On October 18, 2006, the Court entered an order explaining its grounds for
granting the special exceptions. On November 3, 2006, the plaintiff filed
a second amended petition. On February 8, 2007, the Company filed its
answer and special exceptions to the second amended petition. On August 9,
2007, the Court granted the special exceptions and dismissed the second amended
petition with prejudice. On September 4, 2007, the plaintiff moved for
reconsideration of the dismissal with prejudice of the second amended petition,
for a new trial, and for leave to further amend the petition, and the
defendants opposed that motion on September 20, 2007. On October 23,
2007, that motion was deemed denied by operation of law because the court had
not acted on it by that date.
On October 8,
2005, Richard Keene, filed an action styled, C.A. No. H-05-3441, Richard
Keene v. Frank M. DeLape et al., in the United States District Court for the
Southern District of Texas. This action makes substantially similar allegations
as the original complaint in the Vitale action. The plaintiff also alleges that
his failure to make a demand on the Board prior to filing the action is excused
as futile.
The Company sought to
transfer the Keene action to the United States District Court for the Eastern
District of Pennsylvania as part of the MDL Motion. On January 21,
2006, the court stayed the Keene action pending resolution of the MDL Motion.

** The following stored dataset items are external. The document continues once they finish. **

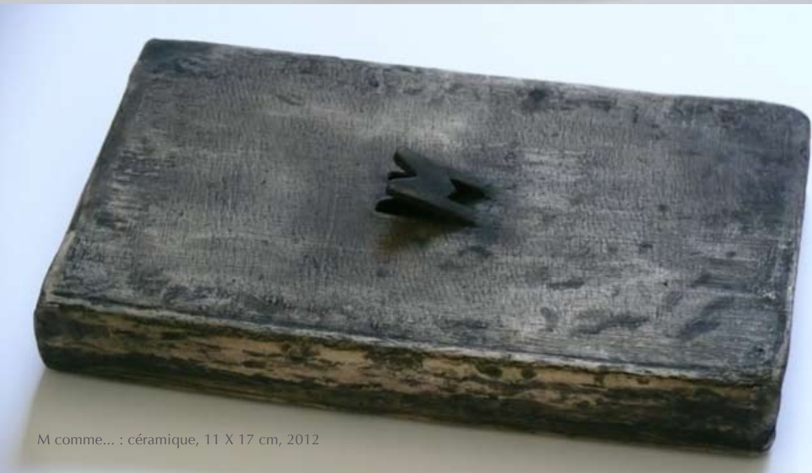
M comme... : céramique, 11 X 17 cm, 2012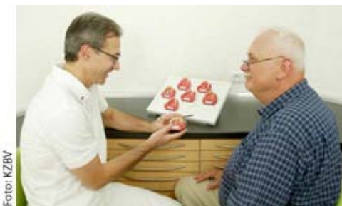
Im vertrauten Gespräch - hier "ganz unter Männern" - kann der Zahnarzt gemeinsam mit dem Patienten eine Therapieentscheidung treffen.

Wie die Alterspyramiden der meisten Industrienationen wird sich auch die deutsche in den nächsten Jahrzehnten erheblich verschieben und sich eher als Altersspitz in der Zukunft präsentieren. Aktuelle Berechnungen besagen, dass sich die deutsche Bevölkerung mit einer 80-prozentigen Wahrscheinlichkeit verringern wird. Die Geburtenzahlen bleiben rückläufig und die Zahl der Todesfälle wird trotz steigender Lebenserwartung zunehmen.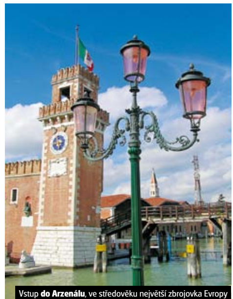
Vstup do Arzenálu, ve středověku největší zbrojovka Evropy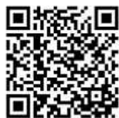
Terminvergabe Stadtkasse/SW Ori

Telefonzentrale: 07042 909-0 Bürgeramt: 07042 909-36 Vorzimmer des BM 07042 909-20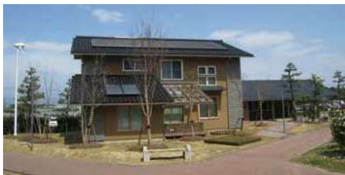
いしかわエコハウスの外観（石川県産業振興ゾーン）

脱炭素型ライフスタイルの定着に向けた気運を醸成するため、10月10日を「いしかわゼロカーボンの日」に制定し、県民や事業者へのライトダウンの呼びかけなどの啓発活動を展開します。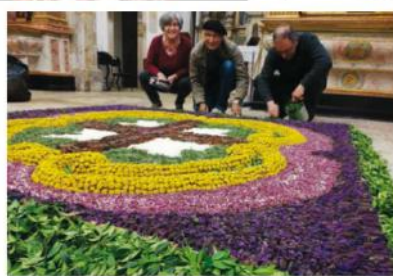
Sardoal Utentes, funcionários e dirigentes ajudam a preparar tapetes de flores que enfeitam as igrejas de Sardoal para a Semana Santa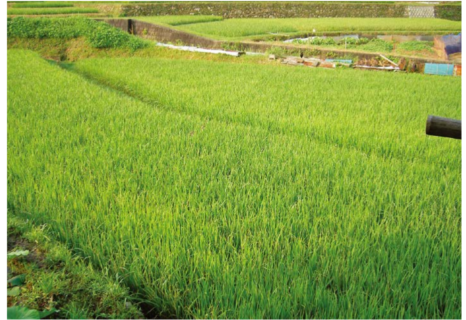
2007.8.1 wed 7:29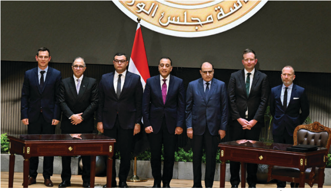
رئيس الوزراء: مشروع المونت جلاله يتفق مع المخطط الاستراتيجي القومي لمصر

على ساحل البحر الأحمر، وبمثل إضافة كبيرة جدا، في ظل ما يُعرف عن منطقة العين السخنة بكونها مقصدا للسياحة قصيرة الأجل، التي لا تتجاوز عدة أيام بسيطة، وترتبط دوريا بمطلة نهاية الأسبوع، ولكن مع هذا المشروع فنحن نتحدث عن تنمية متكاملة تستمر على مدار الأسبوع، وعلى مدار الشهر، بل وعلى مدار العام كله، خاصة مع وجود مدينة الجلالة، هذا المشروع الملحق القومي الذي يمتد بينته الدولة المصرية، وكذا الجامعة الكبيرة التي أقيمت هناك، وبوعية هذه المشروعات والطرق، وقرب هذا المكان من العاصمة الجديدة.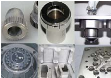
Bild 5 Beispiele NP-Beschichtungen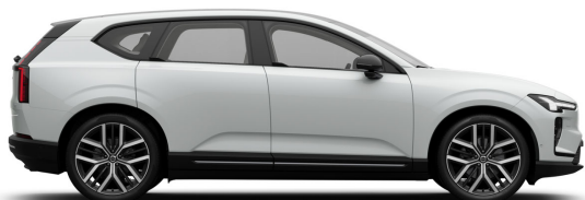
614 Ice White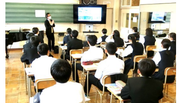
帯広緑陽高校の説明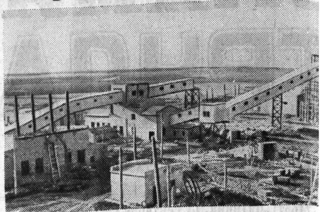
Ворошиловградская область. Крупную трудовую победу в соревновании за достойную встречу 40-летия Советской власти ждали посланцы комсомола Киевской области. По призыву правительства они приехали в пород Ровеньки в январе этого года за восемь месяцев построили здесь шахту «Киевская-копская» № 1.

На снимке: общий вид шахты-новостройки «Киевская-копская» № 1.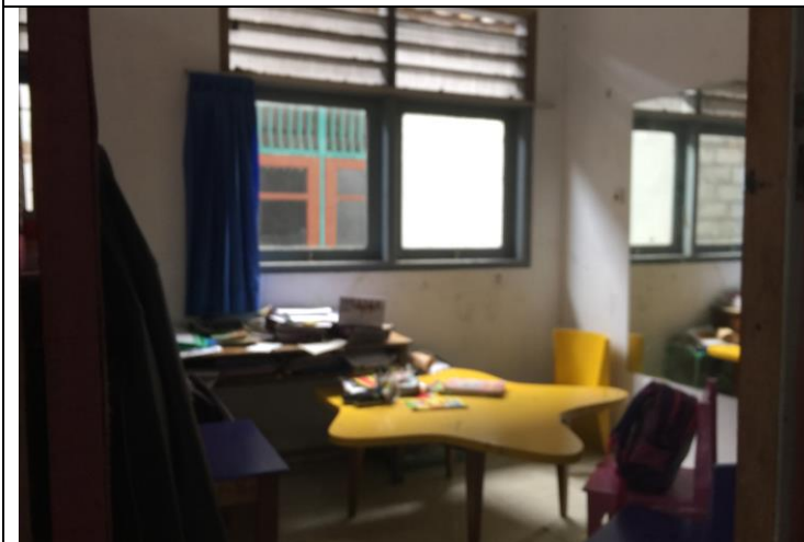
Ruang kelas di SLB Muhammadiyah Gamping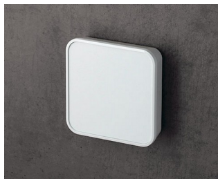
C6402107 SMART-PANEL S84 ASA+PC (UL 94 V-0) blanc signalisation RAL 9016 84x84x21,3mm IP 40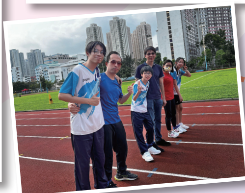
同學可邀請家長或老師參與活動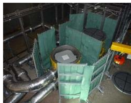
交換型フィルタユニット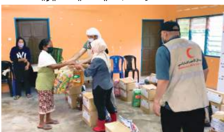
خلال توزيع المساعدات

من جانبه أكد سعادة الدكتور محمد عتيق الفلاحي الأمين العام لهيئة الهلال الأحمر الإماراتي أنه بتوجيهات القيادة الرشيدة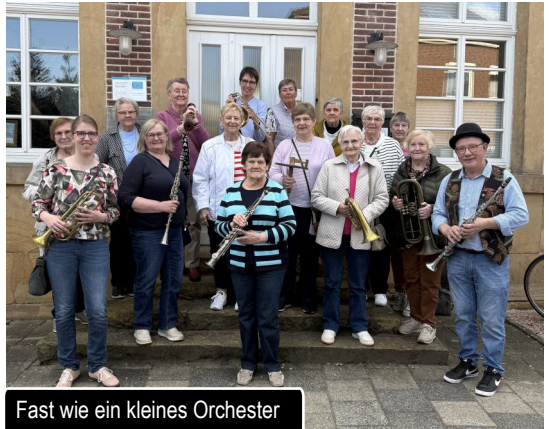
Fast wie ein kleines Orchester

Die Kfd ist sich sicher: „Ein Besuch lohnt sich“!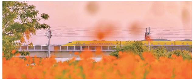
ドクターイエローとコスモス 令和4(2022)年度武庫川髭の渡しコスモス園 「フォトコンテスト」入賞作品

今月は、武庫川のコスモス園を紹介します。武庫川河川敷東側(常松2丁目と西昆陽4丁目)に大きく広がり、約550万本のコスモスが咲きそろう阪神間最大級の「武庫川髭の渡しコスモス園(☎10005727)」は、毎年市内外からたくさんの方が訪れる本市の秋の風物詩ですが、一体、誰が咲かせているのでしょうか。 不法投棄の山に地域の皆さんが立ち上がった 以前は、同河川敷は不法投棄されたごみで荒れていました。この状況を何とかしようと、平成15(2003)年に地域住民を中心にボランティアグループ「髭の渡し花咲き会」が発足。同会のメンバーをはじめ、事業者や学校、幼稚園など、さまざまな人たちの協力により、現在の見事な同園に生まれ変わりました。 出会えたらラッキー！ コラボ写真を狙え！ 満開の同園では、写真を撮らずにはいられません。さらに同園には、あるものとのコラボ写真を撮るため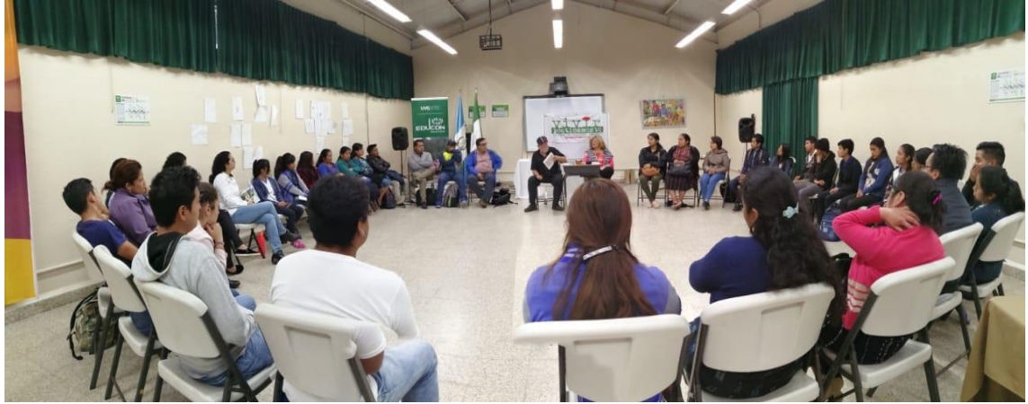
Equipo VIVIR POÉTICAMENTE durante la formación Continua, Universidad del Valle de Guatemala, campus de Sololá.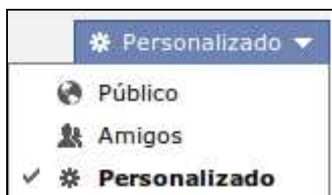
Ilustración 4: Opciones de visibilidad para el contenido que compartes

Hay otro tipo de información que es la que tu DECIDES hacer pública, y es la información que compartes en cada actualización de estado, foto que subes, publicación que compartes, etc. Puedes elegir entre hacerla visible de manera pública, sólo a tus amigos o personalizarla a través del uso de Listas o seleccionando de manera manual, qué usuarios pueden y qué usuarios no pueden ver esa publicación.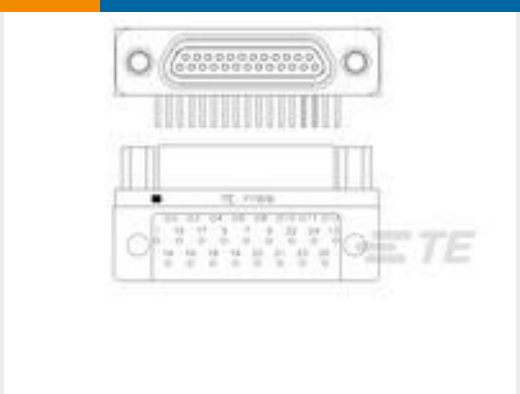
TE 产品编号1532261-1 M83513/13-D01CN = MCKS-C2-B-25SRT1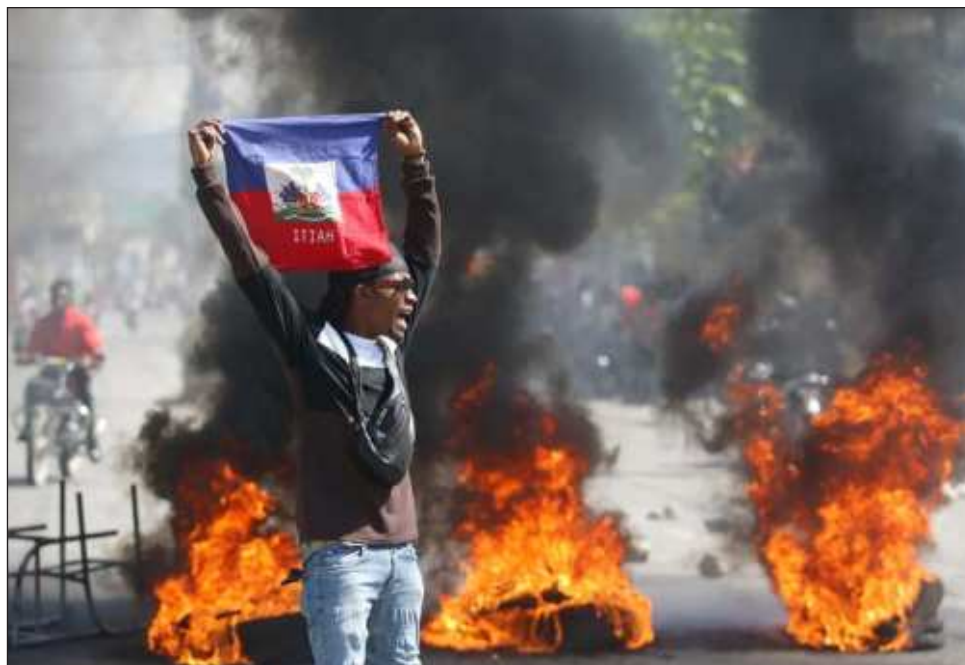
▲ La fuga marca un nuevo punto en una ola de violencia en Haití y ocurre cuando las pandillas toman un mayor control sobre la capital, mientras que el asediado primer ministro Ariel Henry se encuentra en el extranjero tratando de obtener apoyo.

El domingo por la mañana, se podían ver los cadáveres baleados de tres personas cerca de la entrada de la prisión, que estaba abierta de par en par, sin guardias a la vista. En los patios de la cárcel, usualmente hacinados, había sandalias de plástico, ropa y ventiladores eléctricos. En otro vecindario, los cuerpos ensangrentados de hombres, con las manos atadas a su espalda, estaban boca abajo, mientras los residentes pasaban frente a puestos de

On February 23, 2006, the Keene action was transferred with the Federal
Securities Actions from the Southern District of Texas to the Eastern District
of Pennsylvania. Thereafter, on May 15, 2006, the plaintiff filed an
amended complaint, and on June 5, 2006, the defendants moved to dismiss
the amended complaint. On August 21, 2006, the plaintiff moved for leave
to file a second amended complaint, and on September 15, 2006, defendants
filed an opposition to that motion. On January 24, 2007, the court denied
the plaintiff’s motion to file a second amended complaint, and on April 10,
2007 the court granted the defendants’ motion to dismiss and dismissed the
amended complaint without prejudice. On May 9, 2007, plaintiff filed a
notice of appeal from the January 24, 2007 order denying plaintiff’s
motion to file a second amended complaint, and from the April 10, 2007
order dismissing plaintiff’s amended complaint without prejudice. The parties
are currently briefing the plaintiff’s appeal.
On October 31,
2005, William Thomas Fordyce filed an action styled, C.A. No. GD-05-08432,
William Thomas Fordyce v. Frank M. DeLape, et al., in the Court of Common Pleas
of Chester County, Pennsylvania. This action makes substantially similar
allegations as the original complaint in the Vitale action. The plaintiff also
alleges that his failure to make a demand on the Board prior to filing the
action is excused as futile.
On January 20,
2006, the Company filed its preliminary objections to the complaint. On August 31,
2006, the Court of Common Pleas entered an opinion and order sustaining the
preliminary objections and dismissing the complaint with prejudice. On September 19,
2006, Fordyce filed a motion for reconsideration, which the Court of Common
Pleas denied. On September 28, 2006, Fordyce filed a notice of appeal to
the Superior Court of Pennsylvania. On July 27, 2007, the Superior Court
affirmed the decision of the Court of Common Pleas.
56
The
Derivative Actions are purportedly being prosecuted on behalf of the Company
and any recovery obtained, less any attorneys’ fees awarded, will go to the
Company. The Company is advancing legal expenses to certain current and former
directors and officers of the Company who are named as defendants in the
Derivative Actions and expects to receive reimbursement for those advances from
its insurance carriers. The Company will expense its legal costs as they are
incurred and will record any insurance recoveries on such legal costs in the
period the recoveries are received. The Company cannot currently estimate the
amount of loss, if any, that may result from the resolution of these
actions, and no provision has been recorded in the consolidated financial statements.
On October 17,
2007, a purported shareholder named Mr. Ronald Beattie sent a letter to
the Company’s chairman and Chief Executive Officer demanding that the Company
take action against the former officers and directors named as defendants in the
derivative actions described above for purportedly wrongful acts materially
identical to those alleged in the derivative actions described above, and
declaring he will file a shareholder derivative action if the Company does not
commence an action on its own behalf within a reasonable time. The Company
has not yet responded to this letter.
Other
Litigation
The
Company is involved in various other legal matters that are being defended and
handled in the ordinary course of business. Although it is not possible to
predict the outcome of these matters, management currently believes that the
results will not have a material impact on the Company’s financial statements.
ITEM 1A.
RISK FACTORS
In
addition to the Risk Factors disclosed in our June 30, 2007 Form 10-Q,
investors should consider the following risks and uncertainties, or updates to
such risks and uncertainties, prior to making an investment decision with
respect to our securities.
Higher than
anticipated dropout rates of subjects in our clinical trials could adversely
affect trial results and make it more difficult to obtain regulatory approval.
Enrollment of 421
patients in our Phase III nasolabial/wrinkle trials was completed in February 2007.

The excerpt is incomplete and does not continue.